Exercise data:
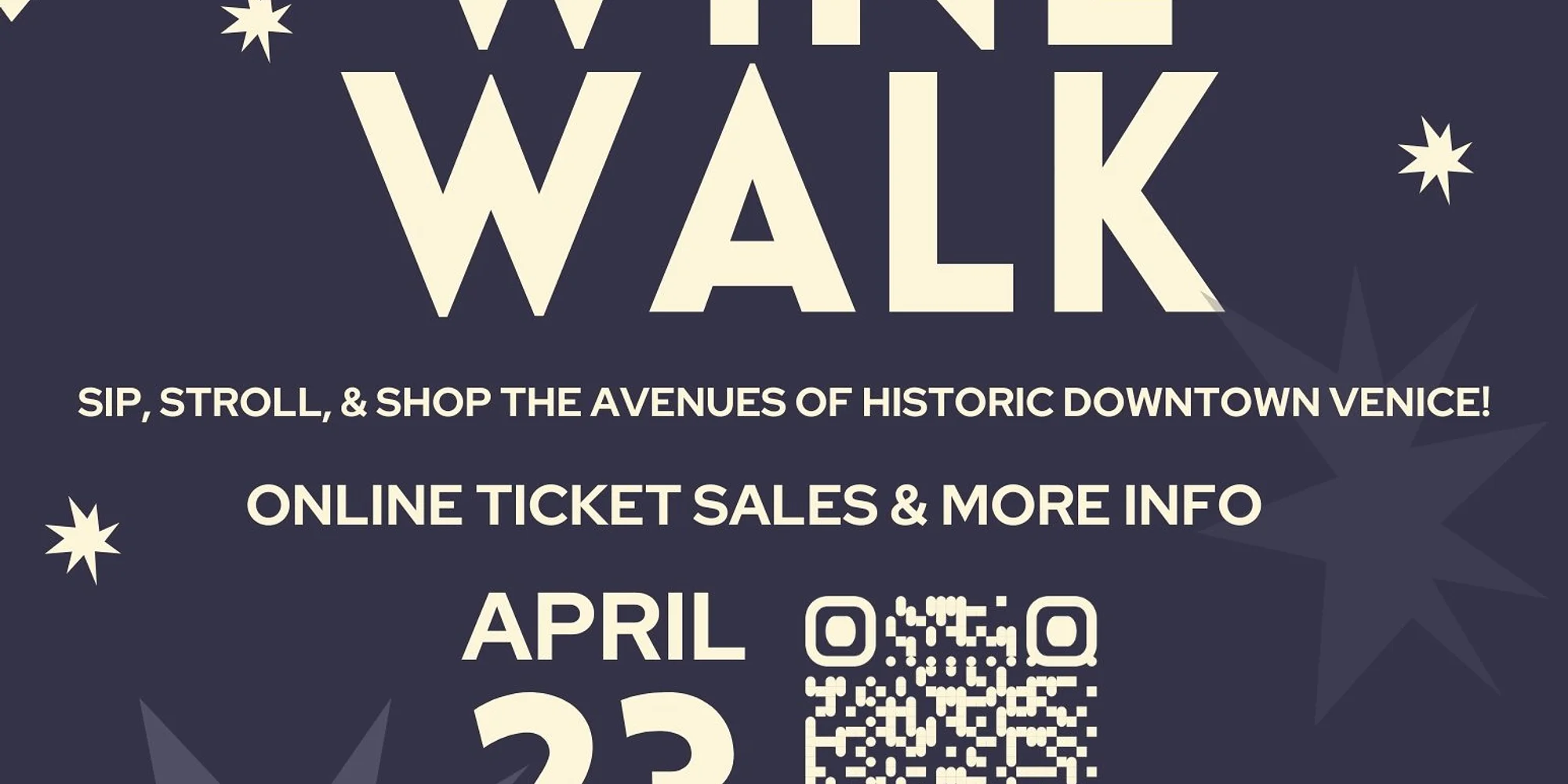 The ultimate sip and shop! Join us downtown for the spring Wine Walk. Tickets $10 per person, age 21 and over only. All proceeds benefit Venice MainStreet, your local community-based economic development organization. In-Person Ticket Purchase Option: LIMITED TICKET SALES ON DAY-OF EVENT due to high demand! – Starting at 4:00pm on the day of the event (4/23/26), go to the Information Kiosk in Centennial Park (200 W. Venice Ave., Venice, FL 34285) to purchase a wristband ticket. – Cash or credit card will be accepted. – Must be 21 years or older to participate in this event and please be prepared to show a valid ID to purchase a wristband ticket. Online Tickets: CLICK HERE FOR TICKET LINK – PRE-SALES: will start on Thursday, March 26 – PICK-UP: Starting at 4:00pm on the day of the event (Thursday, 4/23/26), go to the Information Kiosk in Centennial Park (200 W. Venice Ave., Venice, FL 34285) to receive your pre-purchased wristband ticket. Your purchase and age will be verified by showing your valid ID. – Must be 21 years or older to participate in this event and please be prepared to show a valid ID to obtain your pre-purchased wristband ticket. Wristband tickets are for sampling 1 ounce wine pours; wine specials may also be available for purchase at some participating restaurant locations. PARTICIPATING VENICE MAINSTREET PARTNER LOCATIONS: Wristband tickets are required to sample wine. *PLEASE NOTE: Dining/Beverage locations may be offering drink specials, or other, for purchase. Bodrum Restaurant* (drink special for purchase plus samples) Burgundy Square By The Sea Esthetics Cafe Venice Restaurant & Bar* (drink special for purchase) Curated Art by JB Dewitt Collectors Gallery & Framery Daiquiri Deck* (drink special for purchase plus samples) Dana Tyler Edward Jones, Robert Domke (water/hydration stop) Gulf Shores Realty Island Gift Nook Island Life Hammock Co. Local Tides Venice Lost Girl Prairie Krystyna’s Made In Italy* (drink special for purchase) Patchington Premier Sotheby’s International Realty Sea Bags Seaside Chic Boutique Seed and Bean Market* (drink special for purchase plus samples) Shirt Stop Sunbug Tri-Healthy Twist The Island Bookshop Venice Estate Gallery Venice Locale Venice Wine and Coffee Company* (drink special for purchase)
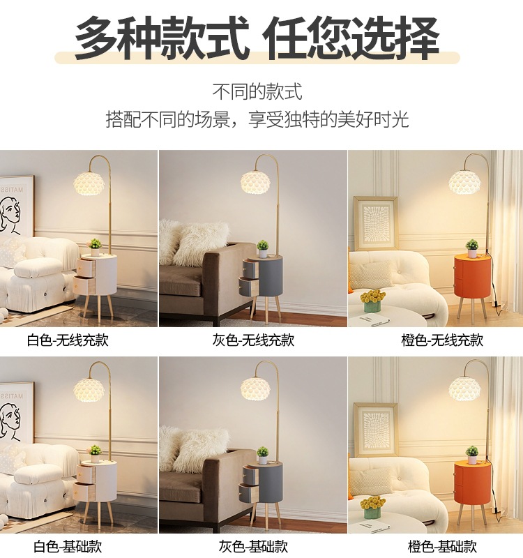 卧室落地灯客厅沙发边几光奶油风氛围感复古置物架床头柜一体台灯
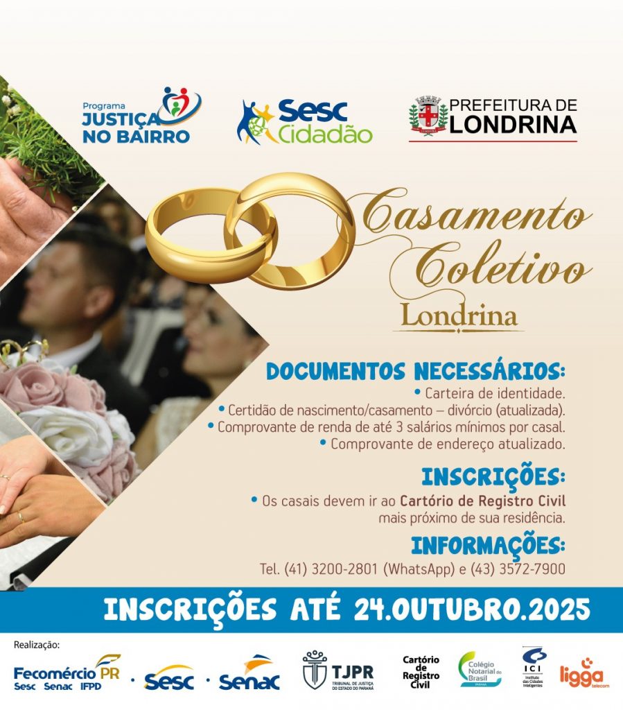 A Prefeitura de Cambé, em parceria com a Prefeitura de Londrina e outros municípios da região, participa do Casamento Civil Coletivo 2025. O evento é promovido pelo Programa Justiça no Bairro Sesc Cidadão, do Tribunal de Justiça do Paraná (TJ-PR) e Sistema Fecomércio Sesc Senac PR. O casamento será no dia 1º de novembro, às 16h, no SESC Londrina Norte gratuitamente. Essa ação visa oficializar a união de casais com renda de até três salários mínimos, proporcionando acesso à cidadania e segurança jurídica.
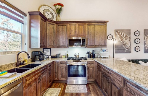 This well-equipped home boasts a range of amenities to ensure a comfortable stay, including a gas fireplace, central AC, washer/dryer, and a fully stocked kitchen with modern appliances. Indulge in the ultimate relaxation with your own private 4-person hot tub, perfect for unwinding after a day of exploring Water Wheel or Fossil Creek and its stunning waterfall, just a short 20-minute hike away. Enjoy the mountain views from the deck or patio, gather around the firepit for cozy evenings, or grill up a delicious meal on the gas grill.
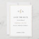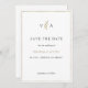 Esta elegante placa Save the Date apresenta as iniciais do casal rodeadas por uma borda de folha dourada. A fonte serif clássica complementa o fundo preto e branco e anuncia os detalhes do casamento que se avizinha. O convite dá o tom de um casamento que é grandioso e simples.
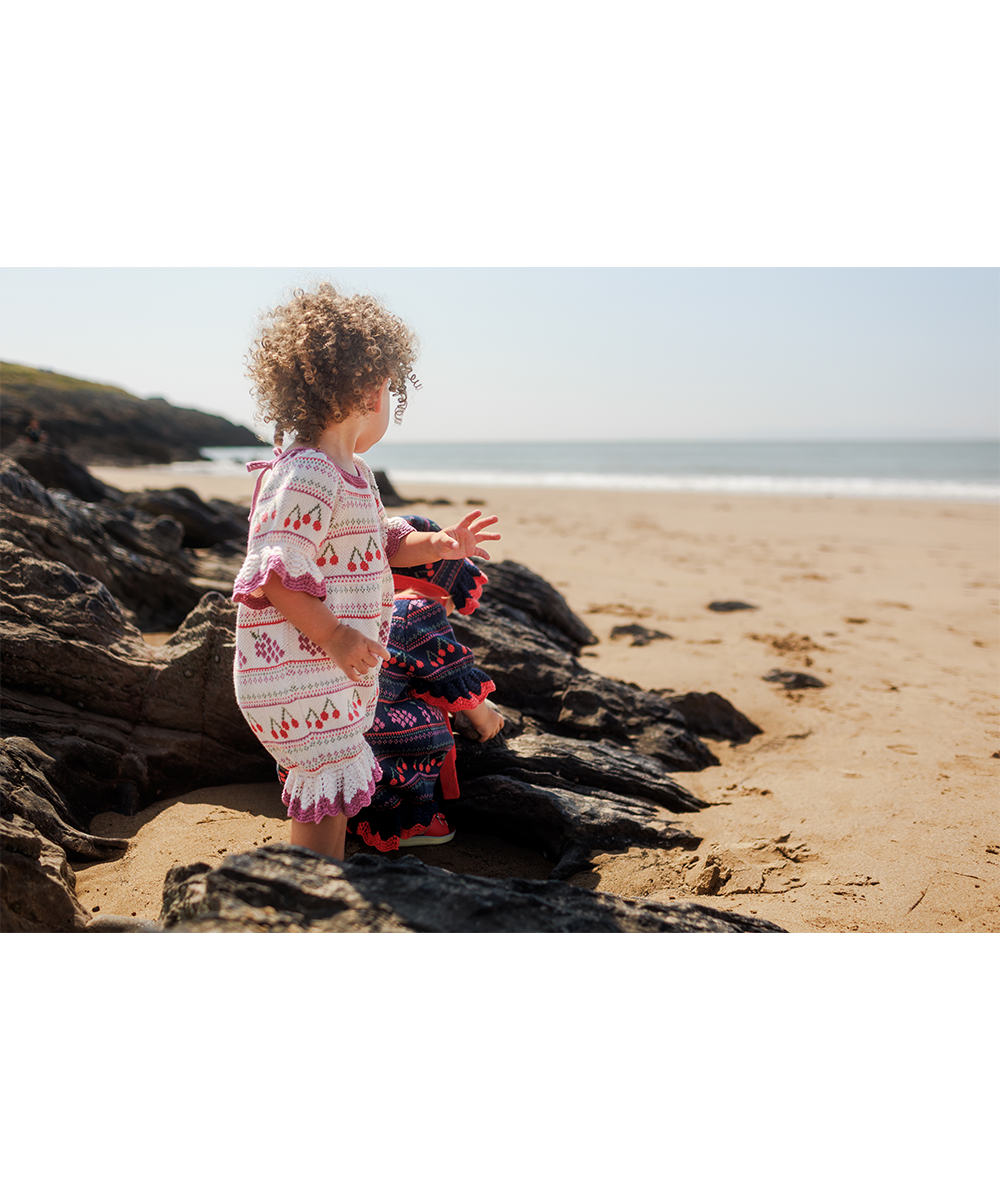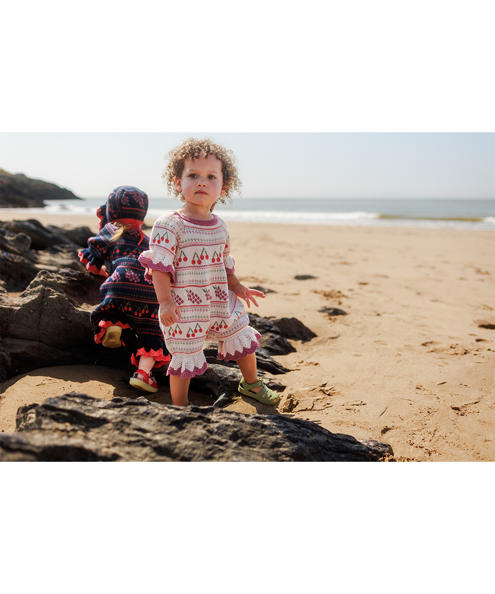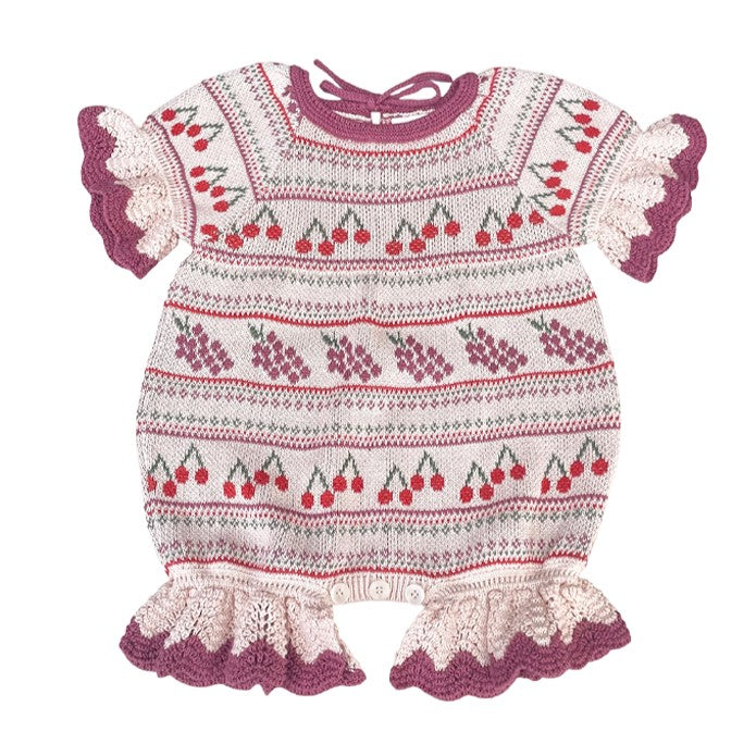 チェリーやブドウをモチーフにしたフルーティなジャカード編みがアクセント。
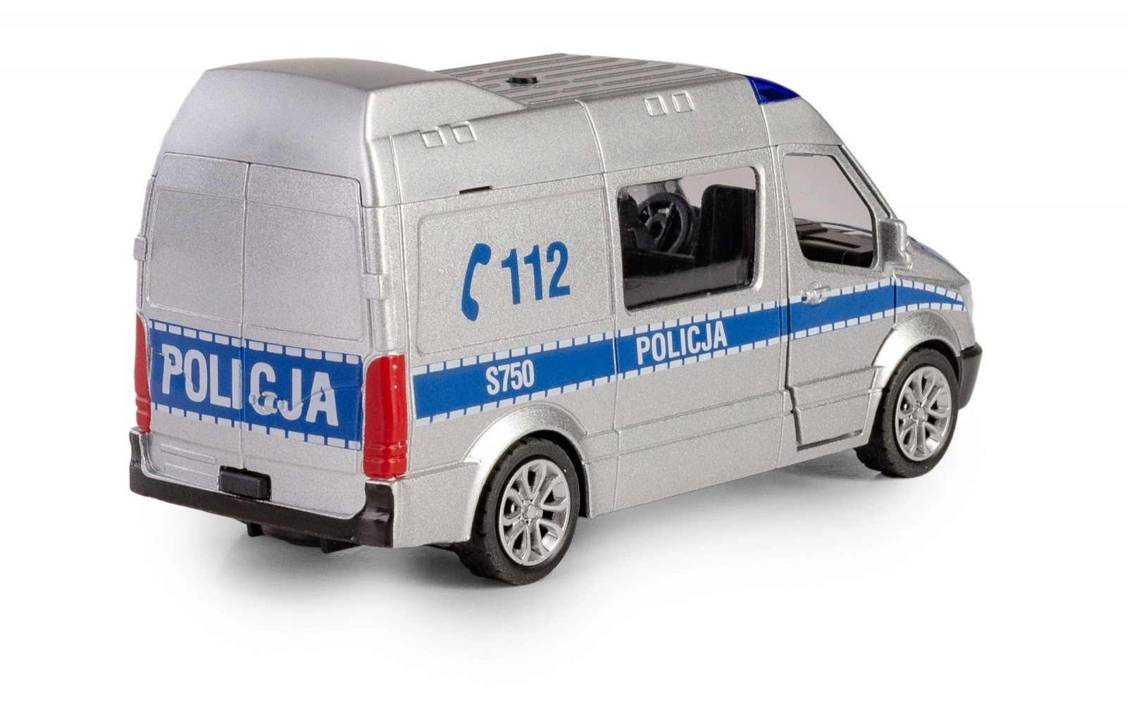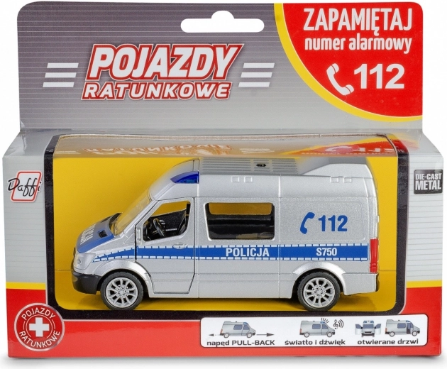 Kovový model policejního záchranného vozu typu van potěší malé i velké fanoušky techniky. Nabízí pohon na zpětné natažení, otevírací dveře a realistické světelné a zvukové efekty. Ideální do sbírky i na každodenní hraní.
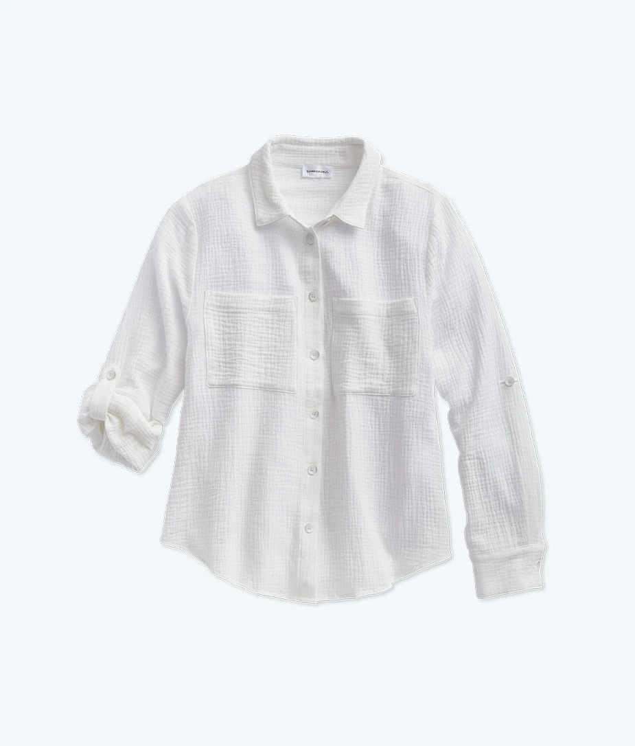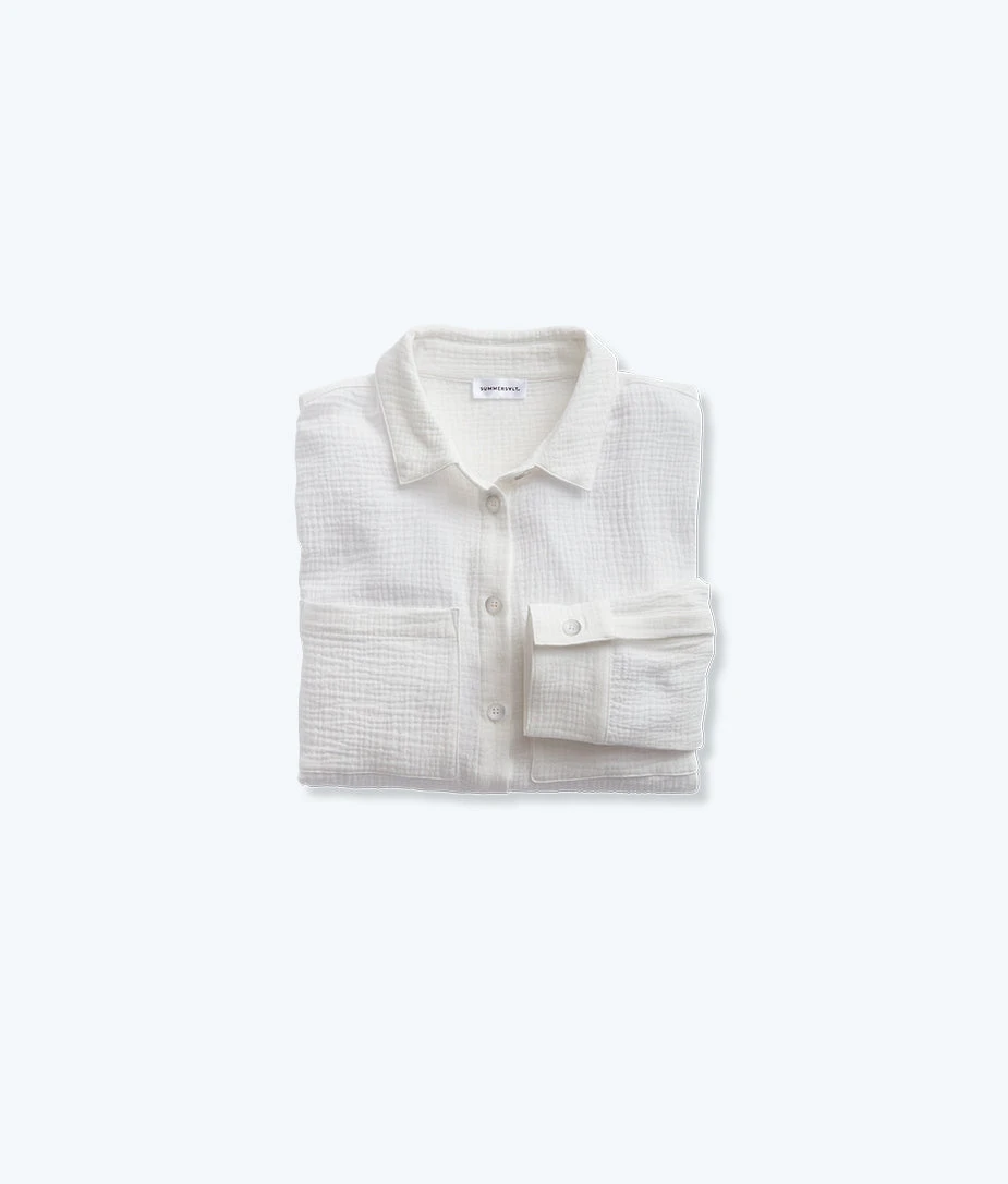 This travel-inspired style brings the vacation vibes, whether you’re heading on your next adventure or daydreaming of one. Crafted from our soft organic cotton gauze, it’s finished with front pockets and roll-tab sleeves for the perfect mix of fashion and function. Bonus styling tip: this button-down shirt pairs just as well with jeans as it does with your favorite swimsuit.
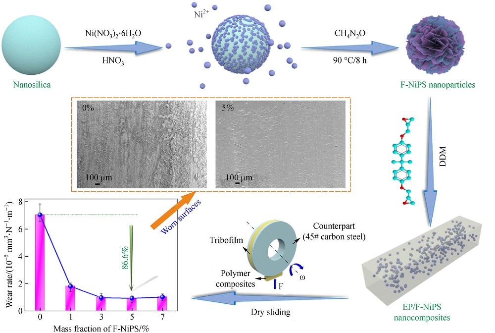 (Jinian Yang, Xuesong Feng, Shibin Nie, Yuxuan Xu, Zhenyu Li, pp. 484–497) Due to the intrinsic drawbacks of relatively high brittleness and poor wear resistance, epoxy products cannot undergo the rubbing actions under dry sliding and hard to be sate when served as engineering parts. Yang et al. propose a promising solution to solve the above problem by introducing low-content flower-like nickel phyllosilicates to yield the cost-effective epoxy nanocomposites with highly restricted abrasions. Flower-like particles are well-constructed firstly and then served as e [Detail] ...
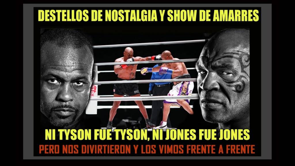 La exhibición de Mike Tyson y Roy Jones Jr. colmó las expectativas de quienes esperábamos eso mismo: una pelea de fantasía entre dos leyendas que llenaron nuestra memoria de peleas emocionantes, cada uno con su estilo y en su tiempo de reinado. Tyson atropellando y destruyendo hasta el KO, Jones jugando con sus virtudes técnicas incomparables y su esgrima única para golpear y escabullirse sin rasguños. En la noche de su pelea de nostalgia vimos destellos de esa escenografía.

Task to carry out:
The lines needed are those from the one containing "チェリーやブドウをモチーフにしたフルーティなジャカード編みがアクセント。" through the end of the listing, given again word for word and without any picture.

Response box:
 チェリーやブドウをモチーフにしたフルーティなジャカード編みがアクセント。
 Kovový model policejního záchranného vozu typu van potěší malé i velké fanoušky techniky. Nabízí pohon na zpětné natažení, otevírací dveře a realistické světelné a zvukové efekty. Ideální do sbírky i na každodenní hraní.
 This travel-inspired style brings the vacation vibes, whether you’re heading on your next adventure or daydreaming of one. Crafted from our soft organic cotton gauze, it’s finished with front pockets and roll-tab sleeves for the perfect mix of fashion and function. Bonus styling tip: this button-down shirt pairs just as well with jeans as it does with your favorite swimsuit.
 (Jinian Yang, Xuesong Feng, Shibin Nie, Yuxuan Xu, Zhenyu Li, pp. 484–497) Due to the intrinsic drawbacks of relatively high brittleness and poor wear resistance, epoxy products cannot undergo the rubbing actions under dry sliding and hard to be sate when served as engineering parts. Yang et al. propose a promising solution to solve the above problem by introducing low-content flower-like nickel phyllosilicates to yield the cost-effective epoxy nanocomposites with highly restricted abrasions. Flower-like particles are well-constructed firstly and then served as e [Detail] ...
 La exhibición de Mike Tyson y Roy Jones Jr. colmó las expectativas de quienes esperábamos eso mismo: una pelea de fantasía entre dos leyendas que llenaron nuestra memoria de peleas emocionantes, cada uno con su estilo y en su tiempo de reinado. Tyson atropellando y destruyendo hasta el KO, Jones jugando con sus virtudes técnicas incomparables y su esgrima única para golpear y escabullirse sin rasguños. En la noche de su pelea de nostalgia vimos destellos de esa escenografía.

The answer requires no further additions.